SMBO is a form of hyperparameter tuning, like grid search and randomized search. In contrast to grid and randomized search, however, SMBO used Bayesian Optimization to build a probability model, through trial and error, that is able to better predict what hyperparameters might produce a better model. The "sequential" just means that multiple trials are run, one after another, each time testing better hyper parameters by applying bayesion reasoning and updating the existing probability model.

The trade-off here is that SMBO models spend more time between each iteration "selecting" the next choice of hyperparameters - but this is accepted because the extra time taken to choose the next hyperparameters is typically signigicantly less than each training iteration. In other words, SMBO results in:

  • Reduced time tuning hyperparameters compared to grid and random search methods.
  • Better scores on the testing set.

Installation:

Installation is easy - of course pip can be swapped for pip3 or pipenv (in a virtual environment)

pip install mlautomator

Key features:

  • Optimizes across data pre-processing and feature selection in addition to hyperparameters.
  • Fast, intelligent scan of parameter space using Hyperopt.
  • Optimized parameter search permits scanning a larger cross section of algorithms in the same period of time.
  • An exceptional spot-checking algorithm.

Usage

MLAutomator accepts a training dataset X, and a target Y. The user can define their own functions for how these datasets are produced. Note that MLAutomator is designed to be a highly optimized spot-checking algorithm - you should take care to make sure your data is free from errors and any missing values have been dealt with.
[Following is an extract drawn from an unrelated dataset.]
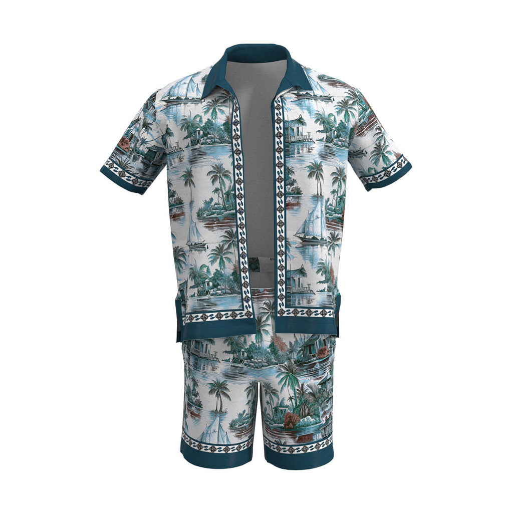 Acesta este un set din două piese, format din cămașă cu mânecă scurtă și pantaloni scurți asortați – perfect pentru un look îndrăzneț de vară și confort pe tot parcursul zilei.

MLAutomator will find ways of transforming and pre-processing your data to produce a superior model. Feel free to make your own transformations before passing the data to MLAutomator.

Optional data utilities

I'm building a suite of data utility functions which can prepare most classification and regression datasets. These, however, are optional - MLAutomator only requires X and Y inputs in the form of a numpy ndarray.
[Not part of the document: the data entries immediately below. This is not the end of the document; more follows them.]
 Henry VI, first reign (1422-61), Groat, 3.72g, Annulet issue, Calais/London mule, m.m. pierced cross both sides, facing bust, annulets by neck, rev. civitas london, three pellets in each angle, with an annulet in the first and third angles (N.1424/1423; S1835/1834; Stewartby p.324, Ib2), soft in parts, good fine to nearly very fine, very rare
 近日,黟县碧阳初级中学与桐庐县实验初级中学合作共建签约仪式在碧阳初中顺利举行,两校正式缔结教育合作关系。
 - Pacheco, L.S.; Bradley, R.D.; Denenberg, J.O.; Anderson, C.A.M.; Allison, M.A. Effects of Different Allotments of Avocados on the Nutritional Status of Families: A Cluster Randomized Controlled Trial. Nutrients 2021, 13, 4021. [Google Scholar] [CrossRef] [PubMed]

from data.utilities import clf_prep

x, y = clf_prep('pima-indians-diabetes.csv')

Once you have training and target data, this is the main call to use MLAutomator...

Classification Example: 2-class

from mlautomator.mlautomator import MLAutomator

automator = MLAutomator(x, y, iterations = 25)
automator.find_best_algorithm()
automator.print_best_space()

MLAutomator can typically find a ~ 98th percentile solution in a fraction of the time of Gridsearch or Randomized search. Here it did a comprehensive scan across all hyperparameters for 6 common machine learning algorithms and produced exceptional model performance for the classic Pima Indians Diabetes dataset.
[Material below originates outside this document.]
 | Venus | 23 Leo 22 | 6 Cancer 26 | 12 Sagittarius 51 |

Best Algorithm Configuration:
    Best algorithm: Logistic Regression
    Best accuracy : 77.73239917976761%
    C : 0.02341
    k_best : 6
    penalty : l2
    scaler : RobustScaler(
        copy=True, 
        quantile_range=(25.0, 75.0), 
        with_centering=True,
        with_scaling=True)
    solver : lbfgs
    Found best solution on iteration 132 of 150
    Validation used: 10-fold cross-validation

Classification Example: Multi-class

Here are the results from the classic iris dataset, a multi-class classification problem with three classes

from data.utilities import from_sklearn
from mlautomator.mlautomator import MLAutomator

x, y = from_sklearn('iris')
automator = MLAutomator(x, y, iterations = 30, algo_type = 'classifier', score_metric = 'accuracy')
automator.find_best_algorithm()
automator.print_best_space()
Best Algorithm Configuration:
    Best algorithm: Bag of Support Vector Machine Classifiers
    Best accuracy : 96.67%
    C : 0.7064
    degree : 2
    gamma : auto
    k_best : 2
    kernel : rbf
    n_estimators : 9
    probability : True
    scaler : None
    Found best solution on iteration 3 of 30
    Validation used: 10-fold cross-validation

Regression Example

ML Automator supports regression problems as well. In this example we call the Boston Housing dataset from sklearn.datasets using one of our utility functions.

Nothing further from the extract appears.